A Letter To My Club Coach
A Letter To My Club Coach
Dear Coach,
I used to think gratitude was something you expressed at the end, after the final practice, after the last meet, after the chapter was closed. But swimming doesn’t really work that way.
Neither does your impact.
You were there long before the success, long before the highlights, and long before I ever understood the lasting impact swimming would have on my life.
I still remember the seasons when nothing seemed to move. Years of training, early mornings, and long sets, yet the times stayed the same. While others were dropping seconds, I was stuck staring at the same numbers on the scoreboard, meet after meet. It would have been easy for you to shift your focus to the swimmers progressing faster. Many people would have.
You didn’t.
You kept showing up for me in the same way you always did. You pulled me aside after practice, not to criticize, but to ask how I was feeling, what I thought was missing, and what we could keep building. You reminded me that progress wasn’t always loud or obvious, and that growth often came quietly before it showed up in the results. At the time, it felt like patience. Now I realize it was belief.
You were always the first one on deck. The sun wasn’t even up yet, but your coffee was already in hand, pace clock running, lanes set. You pulled the tarps off the pool yourself just to ensure we were set for practice. You greeted us by name, no matter how early it was or how tired we looked. And when practice ended, when the deck emptied and the last swimmer left, you were still there. Putting equipment away. Writing notes. Planning the next session. That kind of consistency teaches more than any drill ever could.
You taught me how to commit to something fully, even when the outcome wasn’t guaranteed. You showed me that leadership isn’t about volume or attention, but about presence. About doing the unglamorous work, day after day, without needing recognition.
Swimming eventually became about more than the pool. Even as we moved toward college and new opportunities, you continued to support us from afar. You cheered us on at meets whenever you could, always welcomed us back home during holidays and breaks, and reminded us that the lessons we learned with you were meant to last well beyond our club years. You laid the foundation for the successes we would later achieve in college, not by doing it for us, but by teaching us how to work hard, persevere, and show up.
What I didn’t realize then was that you weren’t just coaching swimmers. You were shaping young athletes for what came next in life.
You taught us how to handle frustration when effort didn’t immediately pay off. How to stay grounded when things finally clicked.

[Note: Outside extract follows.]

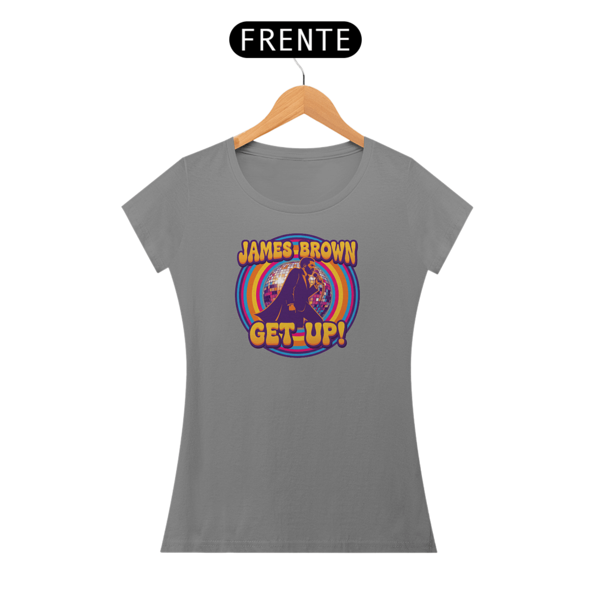 Estampa exclusiva James Brown. Reviva o brilho das noites de discoteca com a linha Flash Back: camisetas e babylooks 100% algodão, confortáveis e cheias de atitude. Estampas inspiradas nos anos dourados da música, do vinil ao globo espelhado, feitas para quem dançou, amou e marcou época. Vista sua história com estilo, nostalgia e qualidade. Garanta a sua e traga o melhor dos anos 70, 80 e 90 para o presente.

How to be accountable, resilient, and supportive teammates. You reminded us that character mattered when no one was watching, and that how we trained often mattered more than how we performed.
Some of my strongest memories aren’t from championship meets or personal bests. They’re from quiet moments on deck. A short conversation after practice. A nod of approval when words weren’t needed. Seeing you cheer every lap of a long course mile, up and down the pool deck not missing a step. A reminder that one bad race didn’t erase months of hard work. Those moments mattered more than you probably realized.
When swimming ended, as it does for everyone, I expected to feel lost. Instead, I felt prepared. The habits you helped build followed me into classrooms, meetings, and everyday life. Showing up early. Doing the work even when progress is slow. Trusting that consistency compounds. Believing that setbacks don’t define you, but how you respond does.
I hear your voice more often than you probably realize. When I’m tempted to quit something too soon. When I feel stuck and question my progress. When I need a reminder that effort still counts, even when results lag behind.
So thank you for staying when it would have been easier to move on. For believing when I struggled to believe in myself. For being the first one on deck and the last one to leave. For preparing us not just for faster swims, but for bigger lives.
I may be a retired swimmer now, but I will always carry what you gave me. And for that, I am endlessly grateful.